The output end of the AD conversion module 112 is connected to the first input interface end of the signal processing module 130.

The output terminal of the auxiliary capture module 120 is connected to the second input interface terminal of the signal processing module 130. The AD conversion module 112 inputs the converted intermediate frequency digital signal to the signal processing module 130, and the signal processing module 130 combines the intermediate frequency digital signal and the satellite main frequency point signal input by the auxiliary capturing module 120 to capture the satellite signal and perform satellite signal processing.

As a specific example only, the receiving module 110 may include a radio frequency signal receiving chip, for example, but not limited to, an RX3902b chip, and the RX3902b chip is a multi-mode, multi-band, three-channel radio frequency receiving chip. Of course, the radio frequency signal receiving chip can also be other multi-channel radio frequency receiving chips.
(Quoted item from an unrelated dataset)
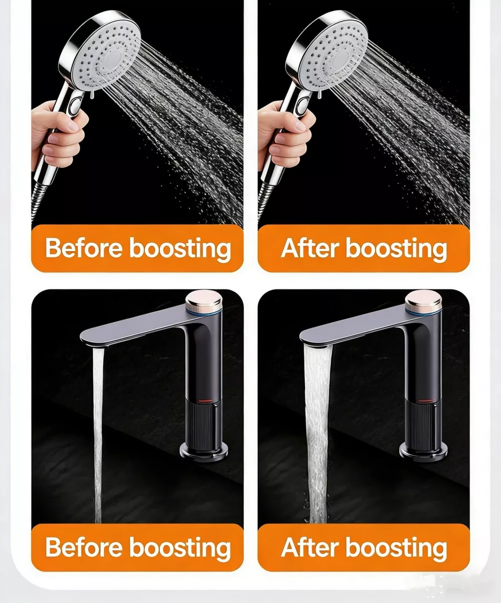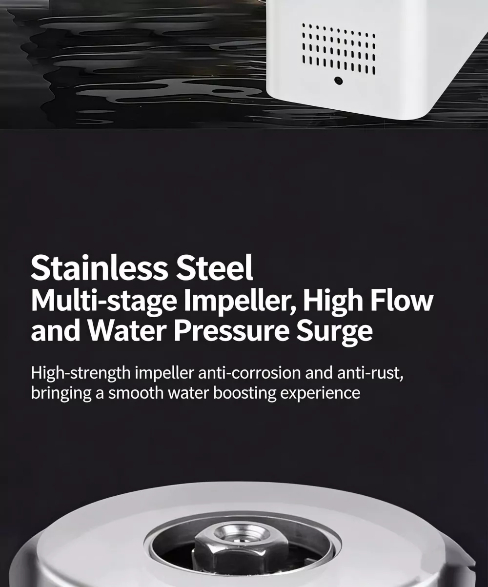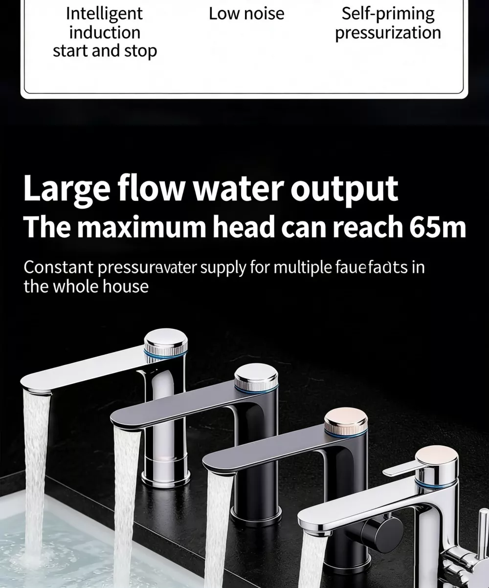 हाई-स्पीड मोटर: अंतर्निर्मित 6500 आरपीएम हाई-स्पीड मोटर बढ़ती शक्ति लाती है, मजबूत और स्थिर बड़े प्रवाह वाले पानी का उत्पादन प्रदान करती है, और अपर्याप्त घरेलू पानी के दबाव की समस्या को पूरी तरह से हल करती है।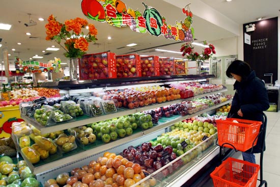 1月14日,顧客在上海一家大型超市的“臺灣寶島水果”專柜前選購。據(jù)悉,2008年春節(jié)期間將有包括蓮霧、青檬、芭樂、楊桃、柳丁等約100噸臺灣水果供應(yīng)上海市場。

In one possible implementation, the number of the receiving modules 110 is at least one. For example, the number of the receiving modules 110 is 1, 2, 3 or more. The number of the receiving modules 110 is related to the number of the solution frequency point channels of the satellite navigation receiving board card and the number of all satellite frequency points.

For example, fig. 4 shows a schematic diagram of frequency point setting in a radio frequency scheme according to an embodiment of the present application. Through counting all the satellite frequency points, 8 different frequency points can be counted, as shown in fig. 4, the 8 different frequency points are respectively "1176.45", 1207.140 "," 1227.6 "," 1246.4375 "," 1268.52 "," 1561.098 "," 1575.42 "and" 1602.5625 "(unit Mhz), and the frequency intervals between two adjacent frequency points are respectively 30M, 20M, 18M, 22M, 14M and 27M. At this time, the intermediate frequency output bandwidth of the RX3902b chip can be set to be 10M/20M/30M/40M respectively. Because the intermediate frequency output bandwidth is not large, 2 frequency points can be placed in each channel of the RX3902b chip at most, and considering that 8 different frequency points need to be solved at present, all frequency points can not be covered by 3 channels of one RX3902b chip. In order to ensure that all frequency points can be solved, a narrow-band mode is used, namely, only one frequency point is solved in each channel; to solve 8 different frequency points, 8 channels are needed, that is, 3 chips RX3902b are needed.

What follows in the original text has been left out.